Василий все еще осенял крестом и продолжал:
— Сказано в Посланиях апостольских: «Кто прольет кровь свою за веру, спасен будет; кто отдаст жизнь за земные блага, ради добычи или выгоды — погибнет…» Помолимся! Горе вам, братья! Горе мне, ибо мы воевали из-за Добычи! Боже, милостив, буди нам, грешным! Боже, милостив буди… А вы, мужи, прибывшие издалека, какие вести несете? Апостолы ли вы?

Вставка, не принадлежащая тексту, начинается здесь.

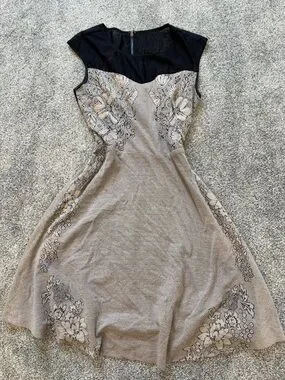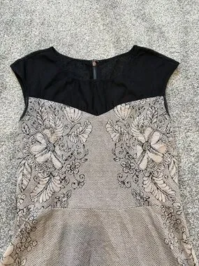 Betsey Johnson Black & Beige Floral Lace Midi Dress
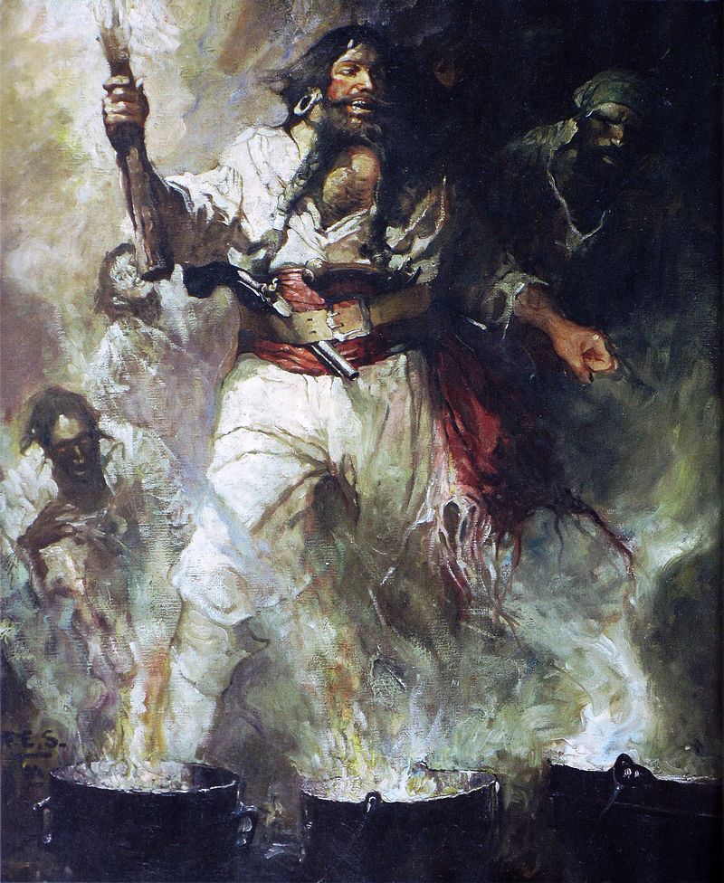 The image of Edward Teach in the painting “Blackbeard in Smoke and Fire” by artist Frank Schoonover

Он умолк и, казалось, ждал ответа; наместник ответил, немного помолчав:
— Далеко нам до такого звания. Мы простые солдаты, готовые умереть за веру.
— Тогда вы будете спасены, — сказал слепой, — но для нас еще не настал час освобождения… Горе вам, братья! Горе мне!
Последние слова он произнес почти со стоном, и такое невыразимое отчаяние отразилось на его лице, что гости не знали, что им делать. Между тем Елена усадила его на стул и, выбежав в сени, вернулась с лютнею в руках.
Тихие звуки раздались в комнате, и, вторя им, княжна запела молитвенную песню:
И днем и ночью я к Тебе, тоскуя,
Взываю, Господи, уйми мои мученья,
Будь милостив ко мне, хотя в грехах живу я,
Услышь моленья.
Слепой откинул голову назад и слушал слова песни, которые, казалось, действовали на него, как умиротворяющий бальзам; с лица его понемногу исчезала печать тоски и отчаяния; наконец голова его упала на грудь, и так он оставался — не то во сне, не то в оцепенении.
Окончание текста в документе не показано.